Ankylosing spondylitis (AS) is a chronic inflammatory disease predominantly affecting the axial skeleton, leading potentially to bone erosions, new bone formation, and ankylosis of the spine. The burden of disease is determined by the grade of acute inflammation causing pain and stiffness and by new bone formation causing a reduction in spinal mobility1.
Histopathological studies from intervertebral discs2, femoral heads3,4, sacroiliac joints5,6, manubriosternal junction7, and zygapophyseal joints8,9,10 enabled us in the past to define characteristic histomorphological and immunohistochemical features of acute inflammation in bony samples from patients with AS: enthesitis and subchondral inflammation at the interface between bone and cartilage — subchondral osteitis — are the primary events in AS immunopathology.
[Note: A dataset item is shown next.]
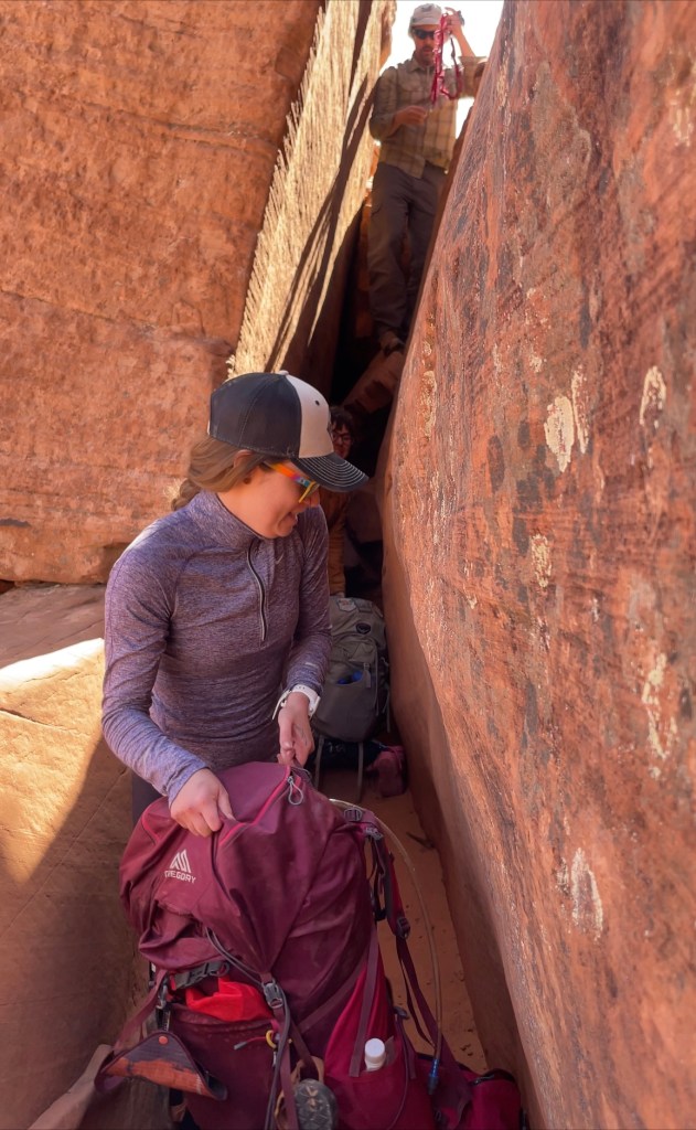 Finding the crack if you’ve never been there before requires gps. It doesn’t look like anything, but a sheer cliff face at first glance. The crack is narrow and you might question if it’s the right way. It is. There will be two spots you have to pull bags up at. We just used a daisy chain for this. A rope is overkill. Only one group can go through at a time. So be patient with others. There is no where to squeeze past once you start.

Cytokines such as tumor necrosis factor-α (TNF-α)5, interleukin 17 (IL-17)11, and IL-239 seem to be triggering factors during inflammatory processes. The rather unexpected observation that TNF-α blocking therapy did not reduce new bone formation and radiographic progression in patients with AS underscored the need for a better pathophysiological understanding of osteoproliferative mechanisms in AS.
Currently, investigations are focused on 2 major hypotheses. The first is that new bone formation is an independent feature uncoupled from inflammation triggered by mechanical stress. Microdamage and/or cell stress at the enthesial site trigger both an inflammatory and an anabolic process in the bone, i.e., through bone morphogenic protein signaling, leading to typical clinical signs of AS12,13. The second is that new bone formation is closely linked to inflammation through initial inflammation causing osteo-destruction, and consequently, through a repair mechanism, including formation of fibrous tissue, triggering osteoblast stimulation and new bone formation10,14.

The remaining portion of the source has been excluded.